- **Data to examine**

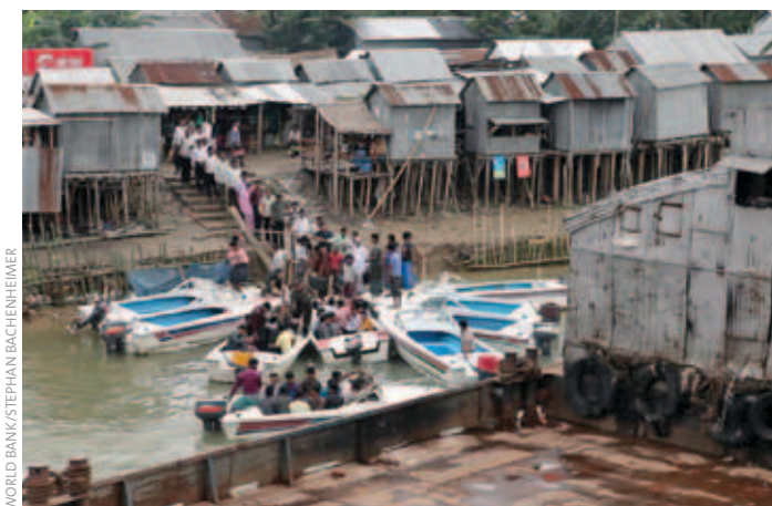
Ferry point at river in southern Bangladesh.

Agriculture has remained the major source of employment for both women and men, but its share of the male labour force has declined from around 50 per cent for much of the late 1990s to 40 per cent in 2010. Its importance for the female labour force, however, has increased steadily from 28 per cent in the mid-1990s to 65 per cent in 2010. The growing importance of agriculture as a source of employment for women appears to reflect a change in the growth rates related to the share of agriculture in GDP: 1.5 per cent in the early 1990s to 5 per cent in the late 1990s. This growth rate trend is coupled with the movement of men into off-farm activities and the growing demand for female labour to replace them. It may also reflect women's growing involvement in livestock rearing, one of the major impacts of their access to microcredit.
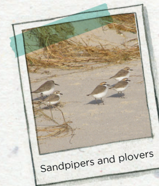
Sandpipers and plovers

THE BEACHES are located on the calmer part of the coast, where the sea deposits the sand. This sand is retained by the dune plants, thus preventing beach erosion.
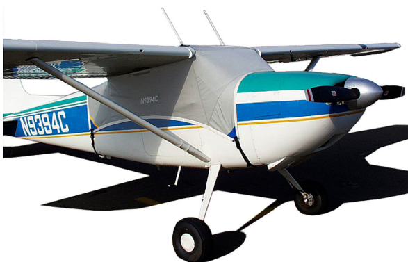
Cessna 180 Canopy Cover

This cover type is made from Silver Acrylic Sunbrella canvas and is 100% lined with a soft and smooth microfiber. Bruce's Custom Covers developed this material combination especially for aircraft protection. The outer material is medium weight and treated for water resistance, UV resistance and anti-static buildup. The inner lining is a very soft and smooth microfiber to prevent scratching. The material is very reflective, and tests show that the cabin interior temperature can be reduced to near-ambient temperature on the hottest of days. It is water, ice and snow repellent, yet breathable to allow moisture to escape from between the cover and the aircraft surface.
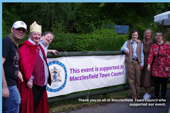
Thank you to all at Macclesfield Town Council who supported our event.

"What a wonderful place to work, with wonderful people! So lovely to be able to celebrate with the staff and tenants. Everyone loved the afternoon and the weather was kind to us!! What a lovely way to spend a day at work!!! "
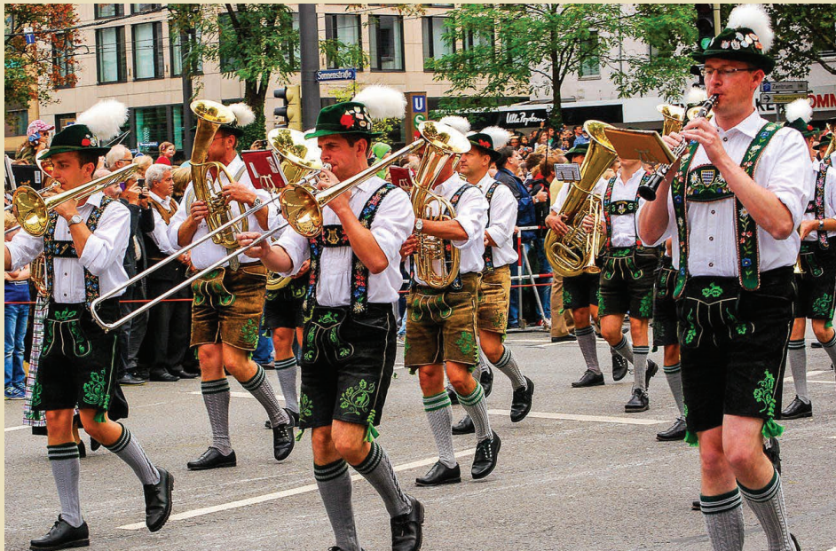
Oktoberfest Marching Band

Benefit for the American Guild of Organists Sarasota/Manatee Chapter

- **What you will do**
For the entries above, return an exact copy that omits the images.

- **Response to the exercise**
Ferry point at river in southern Bangladesh.

Agriculture has remained the major source of employment for both women and men, but its share of the male labour force has declined from around 50 per cent for much of the late 1990s to 40 per cent in 2010. Its importance for the female labour force, however, has increased steadily from 28 per cent in the mid-1990s to 65 per cent in 2010. The growing importance of agriculture as a source of employment for women appears to reflect a change in the growth rates related to the share of agriculture in GDP: 1.5 per cent in the early 1990s to 5 per cent in the late 1990s. This growth rate trend is coupled with the movement of men into off-farm activities and the growing demand for female labour to replace them. It may also reflect women's growing involvement in livestock rearing, one of the major impacts of their access to microcredit.
Sandpipers and plovers

THE BEACHES are located on the calmer part of the coast, where the sea deposits the sand. This sand is retained by the dune plants, thus preventing beach erosion.
Cessna 180 Canopy Cover

This cover type is made from Silver Acrylic Sunbrella canvas and is 100% lined with a soft and smooth microfiber. Bruce's Custom Covers developed this material combination especially for aircraft protection. The outer material is medium weight and treated for water resistance, UV resistance and anti-static buildup. The inner lining is a very soft and smooth microfiber to prevent scratching. The material is very reflective, and tests show that the cabin interior temperature can be reduced to near-ambient temperature on the hottest of days. It is water, ice and snow repellent, yet breathable to allow moisture to escape from between the cover and the aircraft surface.
Thank you to all at Macclesfield Town Council who supported our event.

"What a wonderful place to work, with wonderful people! So lovely to be able to celebrate with the staff and tenants. Everyone loved the afternoon and the weather was kind to us!! What a lovely way to spend a day at work!!! "
Oktoberfest Marching Band

Benefit for the American Guild of Organists Sarasota/Manatee Chapter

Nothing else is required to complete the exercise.